Inflationary Expectations and Wage-Price Spirals
I think raising interest rates to combat inflation is unnecessary, the increase in prices behind the run-up in inflation is largely driven by real rather than monetary factors, and once the adjustment in relative prices has stabilized at a point that balances global commodity demands and supplies, and once the adjustments have passed through the system, prices will stabilize. In addition, at this point, there are no signs of a wage-price spiral. But I also think cutting interest rates (e.g.) would be a mistake as this would risk creating inflationary expectations that become self-fulfilling, i.e. it would potentially undermine the Fed's inflation fighting credentials and risk generating the wage-price inflation spiral we wish to avoid:
Why those ‘expectations’ matter, by Samuel Brittan, Commentary, Financial Times: The words “inflationary expectations” must by now be familiar to every newspaper reader... Yet a few years ago they were unknown outside specialist circles. ...

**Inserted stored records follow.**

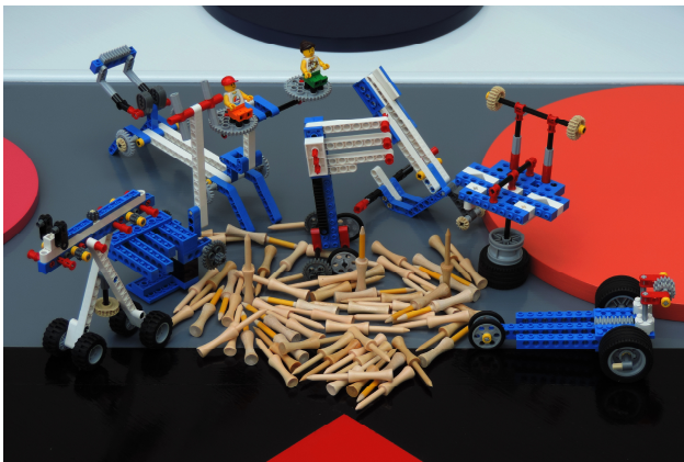
64 wood step golf tees are used for the mission
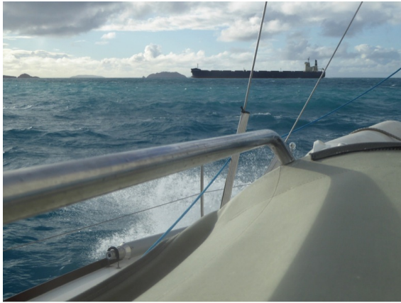
Coal Carrier bound for Hay Point
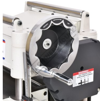
Height Adjustment Hand Wheel
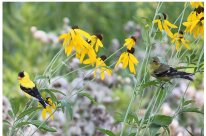
Biodiversity thrives in the naturalized prairie.

They appeared in academic debate as early as the 1970s and 1980s in relation to the so-called monetarist controversy. The key contention of the monetarists was not about the need for money supply targets, as technocrats assumed, but that monetary policy rather than direct intervention in wage or price setting was the right method of tackling inflation. Their opponents believed that this could only work by creating a slump in which millions would lose their jobs. The more thoughtful monetarists did not deny that there was a transitional cost in squeezing inflation out of the system. But the severity of that cost would depend on how credible the policy was. If the main economic actors believed that policymakers would stick to their guns, they would base their actions on the assumption of modest inflation and would frame their behaviour accordingly and settle for moderate increases in pay and prices. If on the other hand they expected the policy to be eventually abandoned, any monetary squeeze would indeed have its main effect in reduced output and employment.

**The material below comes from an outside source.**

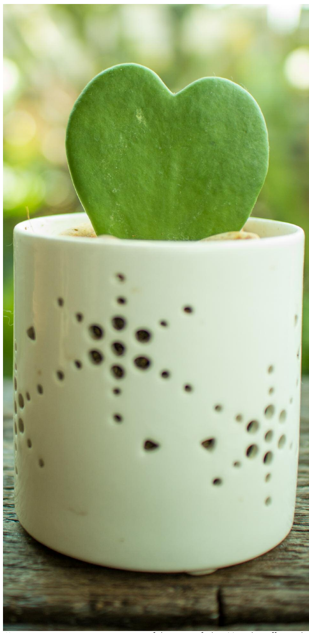
*Image on cover is representative of the type of plant(s) in this offer and not necessarily indicative of actual size or color for the included variety.
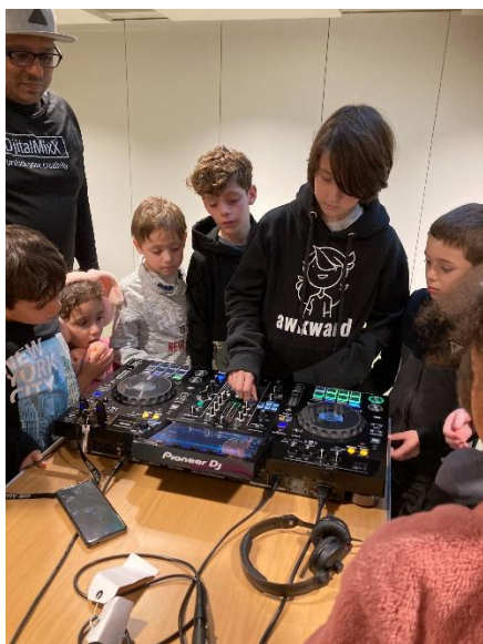
Learning DJ tricks at Sunday Funday

We have had so much fun at our Sunday Fundays this term, with lots of children exploring new activities or reacquainting themselves with something they've done before. One of our favourites was the DJ Sunday Funday, where the kids learnt to mix music on a real DJ deck! Our January Sunday Funday is already fully booked, so don't forget to sign up soon for the later ones, so that you don't miss out!

These contentions have been the basis of policy in many countries, at least for the past decade and a half. ... Higher prices for energy, food and imports are pushing consumer price index inflation well above ... target and will continue to do so well into 2009 and thus exert a downward pressure on living standards and real wages. Yet “these increases in commodity prices cannot by themselves increase sustained inflation unless other prices begin to rise at a faster rate. And it is the task of the monetary policy committee to ensure that they do not.” If it succeeds, the reduction in living standards will be a one-off affair... What is surprising is not that inflationary expectations have increased after recent shocks, but that they have increased so little, especially for the medium term. ...

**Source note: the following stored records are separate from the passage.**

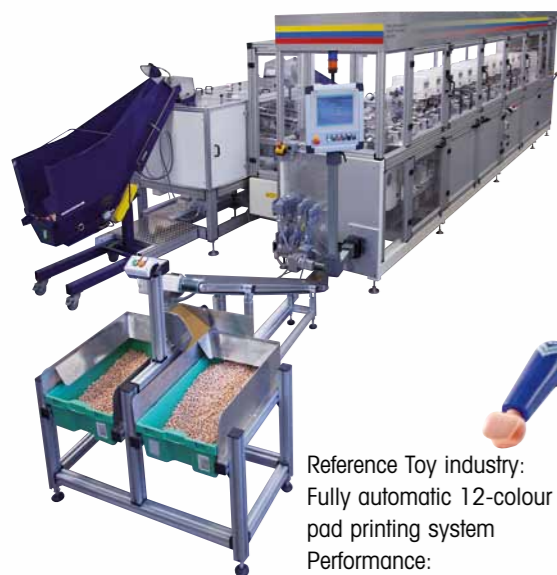
Reference Toy industry: Fully automatic 12-colour pad printing system Performance: 24.000 printing parts/h
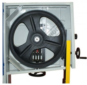
Cast Iron Blade Wheels
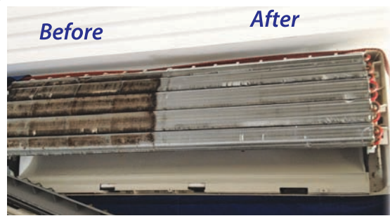
A "Before & After" shot mid HydroKleen
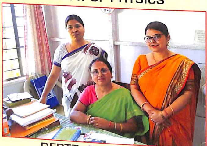
DEPTT. OF SANSKRIT
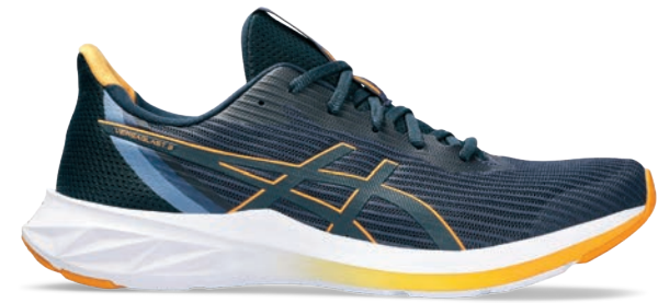
VERSABLAST™ 3 Style #: 1011B692-402 Colour: THUNDER BLUE/FELLOW YELLOW EOL: 05/31/2024

TOTAL STACK HEIGHT: 31.5mm-21.5mm // DROP: 10mm // WEIGHT: 6.2oz/176g*

Posted by Mark Thoma on Thursday, August 14, 2008 at 01:53 PM in Economics, Inflation, Monetary Policy, Unemployment | Permalink | TrackBack (0) | Comments (22)

How convenient. The FED doesn't need to make any hard choices. The PBOC gets rewarded. And the world moves forward with nothing to lose.
Posted by: Jodie | Link to comment | Aug 14, 2008 at 03:50 PM
Dr. Thoma, a friend of mine told me about your site and have enjoyed your lectures on Economics 421 - Econometrics, and have finished your 6 lecture so far. While this is mostly review from my graduate class in Econometrics I, it helped fill in some more details that I missed from having distance learning courses.
The question I have today is that while I agree with your assessment of interest rates set by the Fed, I wonder if you have further insights into the nominal levels and what is optimal setting now. It seems that you agree the rates should remain constant but on what basis do you think that is correct, or are you thinking of just the range seems about appropriate? Since it could be considered a negative real interest rate, do you think that may be concern for "priming the pump" too much?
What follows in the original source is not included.